_Work to complete_. Once you find the line with "SPA Headbands for" in the entries below, print it and each line after it up to and including the line with "Германия 50 пфеннигов", exactly, without pictures.

BEGIN Extracted information

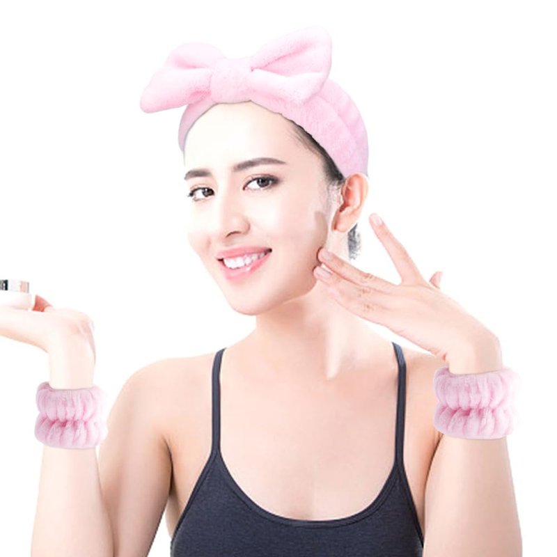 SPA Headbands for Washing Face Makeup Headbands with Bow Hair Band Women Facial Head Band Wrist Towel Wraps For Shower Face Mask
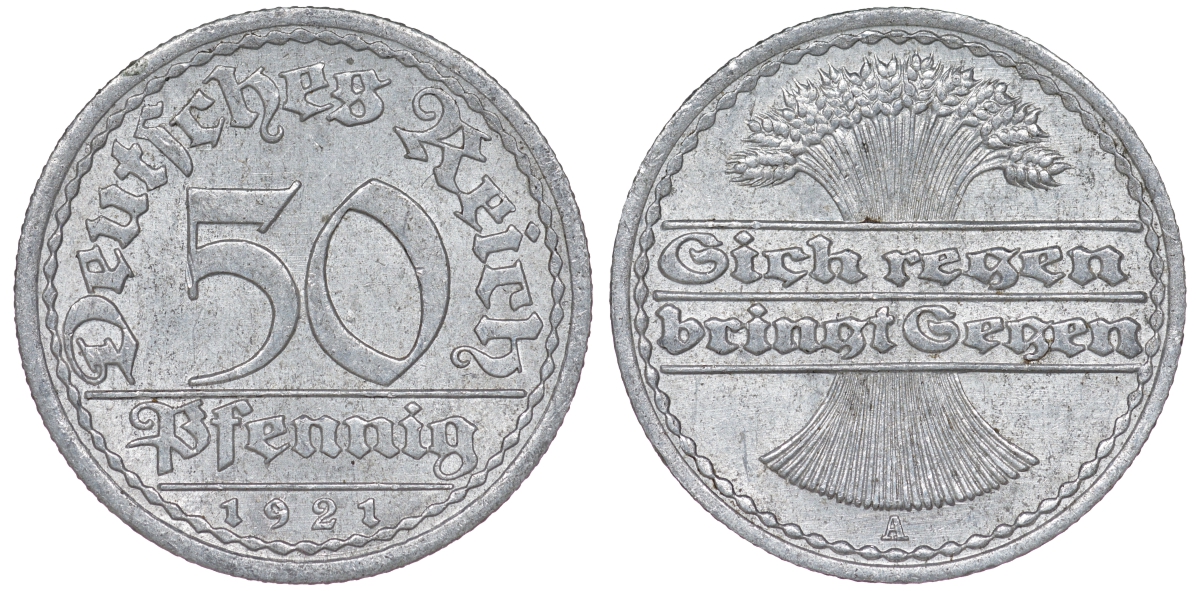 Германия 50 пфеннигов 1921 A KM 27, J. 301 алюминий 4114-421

END Extracted information
BEGIN Extracted information

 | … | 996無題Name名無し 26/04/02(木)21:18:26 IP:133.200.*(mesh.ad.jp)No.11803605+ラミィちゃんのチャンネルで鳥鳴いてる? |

END Extracted information
BEGIN Extracted information

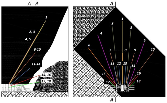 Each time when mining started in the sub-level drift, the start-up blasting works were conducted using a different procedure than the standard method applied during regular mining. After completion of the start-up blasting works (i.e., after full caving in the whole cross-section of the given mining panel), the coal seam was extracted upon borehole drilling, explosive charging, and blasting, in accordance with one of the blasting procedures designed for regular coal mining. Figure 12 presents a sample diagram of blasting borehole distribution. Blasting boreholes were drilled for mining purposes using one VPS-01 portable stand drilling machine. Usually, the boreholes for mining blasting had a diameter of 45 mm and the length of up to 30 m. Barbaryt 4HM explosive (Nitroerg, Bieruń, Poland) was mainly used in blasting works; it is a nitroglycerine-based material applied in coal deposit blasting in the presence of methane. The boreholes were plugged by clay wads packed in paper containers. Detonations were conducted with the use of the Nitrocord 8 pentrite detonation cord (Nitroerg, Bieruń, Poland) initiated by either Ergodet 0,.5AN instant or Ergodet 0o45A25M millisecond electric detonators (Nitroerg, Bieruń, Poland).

END Extracted information

_The completed task_.
 SPA Headbands for Washing Face Makeup Headbands with Bow Hair Band Women Facial Head Band Wrist Towel Wraps For Shower Face Mask
 Германия 50 пфеннигов 1921 A KM 27, J. 301 алюминий 4114-421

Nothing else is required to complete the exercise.